-- WHAT TO DO --
Reproduce exactly the line that contains "关于公布必赢线路检测中心第三届林学杯创业大赛获奖名单的通知" and every line after it through the end of the records below, leaving out all pictures.

-- Records excerpted from a collection --
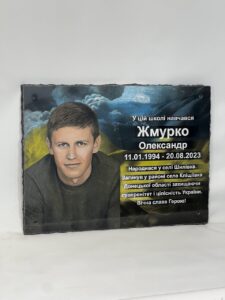 Меморіальна дошка з базальтового граніту підходить для встановлення на будівлях, пам’ятних місцях чи меморіалах. Вона не лише зберігає пам’ять про важливі події або людей, але й має естетичний вигляд, поєднуючи міцність природного каменю та художню роботу ручного розпису.
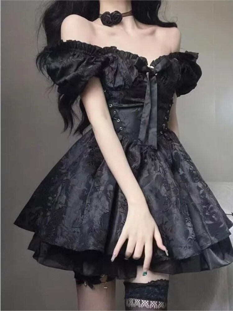 ゴシック ドレスブラック スクエア パフ スリーブ パーティー ドレス a ライン ロリータかわいいミニ ドレス y2k 大人ガーリー スウィート キュート カジュアル Aライン スクウェア | aliel
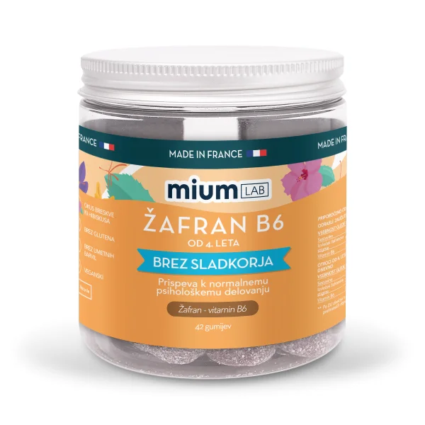 Mium Lab Žafran B6 je prehransko dopolnilo v obliki gumijev brez sladkorja s prijetnim okusom breskve in hibiskusa, namenjeno podpori normalnega psihološkega delovanja. Prehransko dopolnilo vsebuje žafran in vitamin B6 ter je primerno za odrasle in otroke od 4. leta dalje. Izdelek je veganski, brez glutena in brez umetnih barvil.
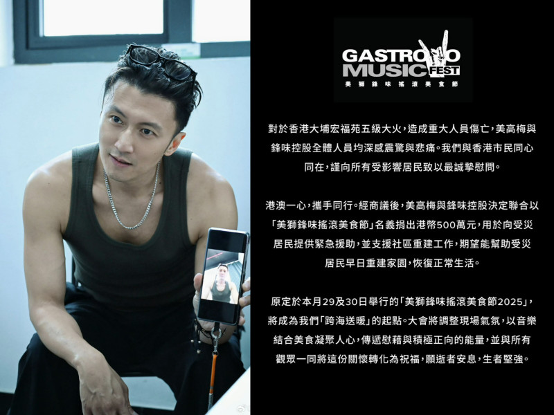 謝霆鋒在IG發出聲明,「美高梅與鋒味控股決定聯合以『美獅鋒味搖滾美食節』名義捐出港幣500萬元,用於向受災居民提供緊急援助,並支援社區重建工作,期望能幫助受災居民早日重建家園,恢復正常生活。」陳小春一家人則是捐100萬港幣到「保良局扶弱基金-支援宏福苑大夥居民專項戶口」。
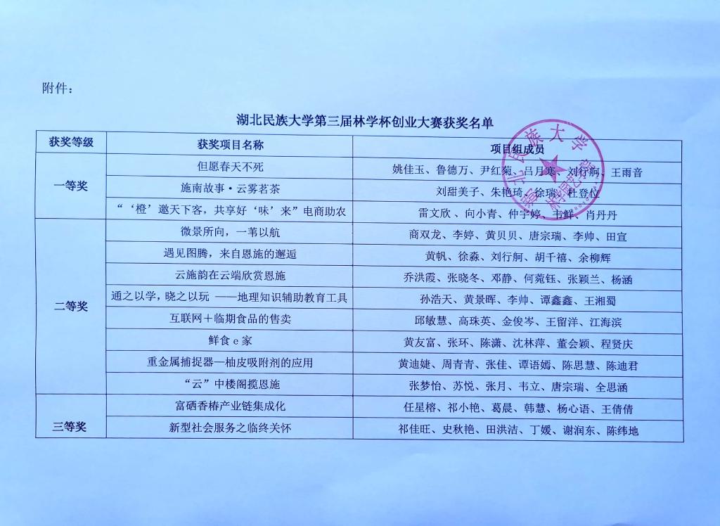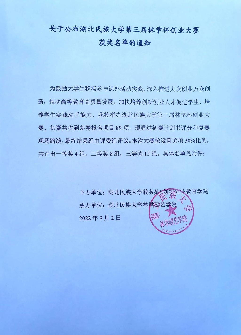 关于公布必赢线路检测中心第三届林学杯创业大赛获奖名单的通知
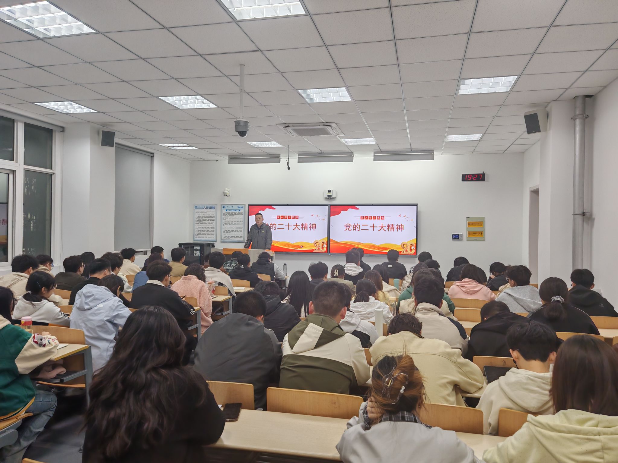 太阳成集团tyc122ccvip组织员乔海东以“深入贯彻党的二十大精神”为题,进行第一讲。他从关键时刻召开的十分重要的会议、党的二十大报告的主要内容核心要义、全面学习贯彻党的二十大精神三方面进行全面解读。他希望同学们提高政治站位,衷心拥护“两个确立”,增强“四个意识”,坚定“四个自信”,做到“两个维护”,深入学习宣传贯彻党的二十大精神,认真学习研读原文,准确把握精神实质,深入了解其内涵和意义,弘扬伟大建党精神,把学习党的二十大精神的成果转化为奋进新征程、建功新时代的实际行动。
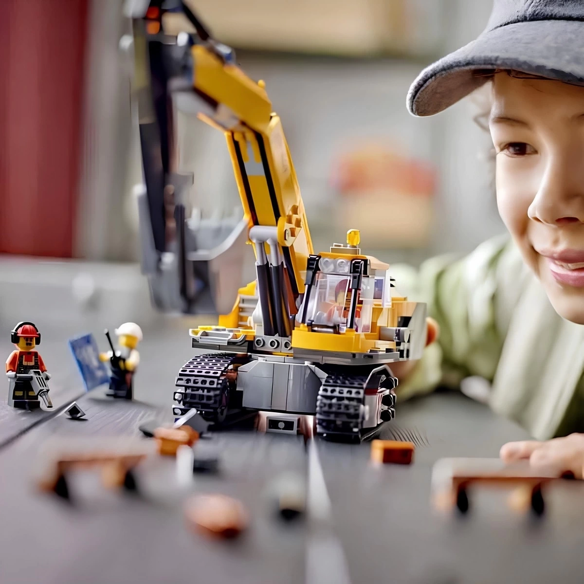 LEGO City Sarı İnşaat Ekskavatörü oyuncağıyla küçük model severinize sürpriz yapın. Bu gerçekçi oyuncak kazıcı, yol tutucu

-- YOUR SOLUTION --
 关于公布必赢线路检测中心第三届林学杯创业大赛获奖名单的通知
 太阳成集团tyc122ccvip组织员乔海东以“深入贯彻党的二十大精神”为题,进行第一讲。他从关键时刻召开的十分重要的会议、党的二十大报告的主要内容核心要义、全面学习贯彻党的二十大精神三方面进行全面解读。他希望同学们提高政治站位,衷心拥护“两个确立”,增强“四个意识”,坚定“四个自信”,做到“两个维护”,深入学习宣传贯彻党的二十大精神,认真学习研读原文,准确把握精神实质,深入了解其内涵和意义,弘扬伟大建党精神,把学习党的二十大精神的成果转化为奋进新征程、建功新时代的实际行动。
 LEGO City Sarı İnşaat Ekskavatörü oyuncağıyla küçük model severinize sürpriz yapın. Bu gerçekçi oyuncak kazıcı, yol tutucu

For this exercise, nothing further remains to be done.